Monday, January 11, 2010

[ Fanny Howe on Mark DeWolfe Howe ]

“The presence of our missing father trailed us everywhere.”

“Our father was the only reason we were anywhere then; and he was nowhere. When the snow came, the blood-red brick of the city grew white and the ice on the river was a stiff winding sheet that led out to the Atlantic and across to Ireland. The sky was dramatic and emotional at every hour of the day. The war contributed to every shadow and drop; consciousness of its force was made up only of objects and loose parts, of animate and inanimate, of constant motion, wind, rain, hope, dread, and expectation. / That war was like an immense umbrella held high in the air and shadowing our every move. (Even now I can feel its shade, even if only a corner is left.)”

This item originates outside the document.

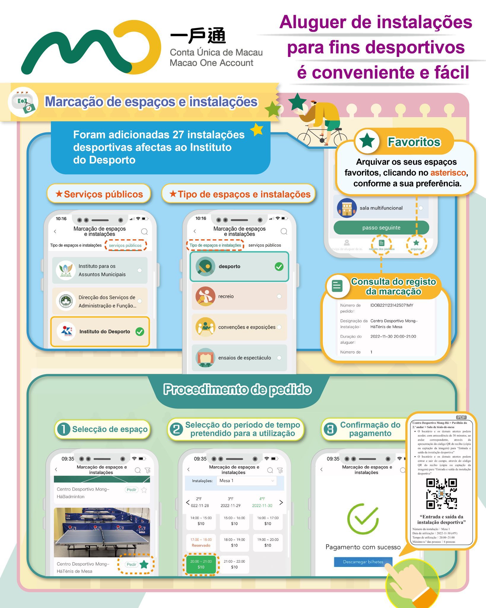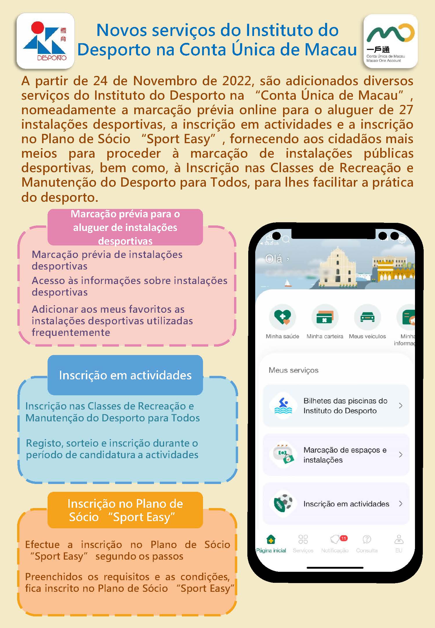 Em articulação com o desenvolvimento da governação electrónica da RAEM, a partir de 24 de Novembro de 2022, são adicionadas diversas funcionalidades do Instituto do Desporto (ID) na Conta Única de Macau, nomeadamente a marcação prévia online para o aluguer de instalações desportivas, a inscrição em actividades e a inscrição no Plano de Sócio “Sport Easy”, fornecendo aos cidadãos mais meios para proceder à marcação de instalações públicas desportivas, bem como, à inscrição online nas classes de recreação e manutenção do Desporto para Todos, para facilitar a prática do desporto, juntamente com a “marcação online para adquirir as senhas de acesso às piscinas afectas ao ID” e o “serviço online de compra das senhas de acesso às piscinas da sessão do tempo real” ambos adicionados anteriormente na Conta Única de Macau.

"At that time I had only one memory of my father from the top of the stairs in Buffalo. He was in a uniform and he was saying a hesitant goodbye. Otherwise there were few photographs. He had left his job as dean of a new law school at Buffalo and had left behind his work on the letters and life of Oliver Wendell Holmes, Jr. He was thirty-seven. He had been to Europe only once before, as far as Ireland, where he had met his in-laws and where he vowed never to return. He was known to have a dread of travel yet he was gone longer than most fathers."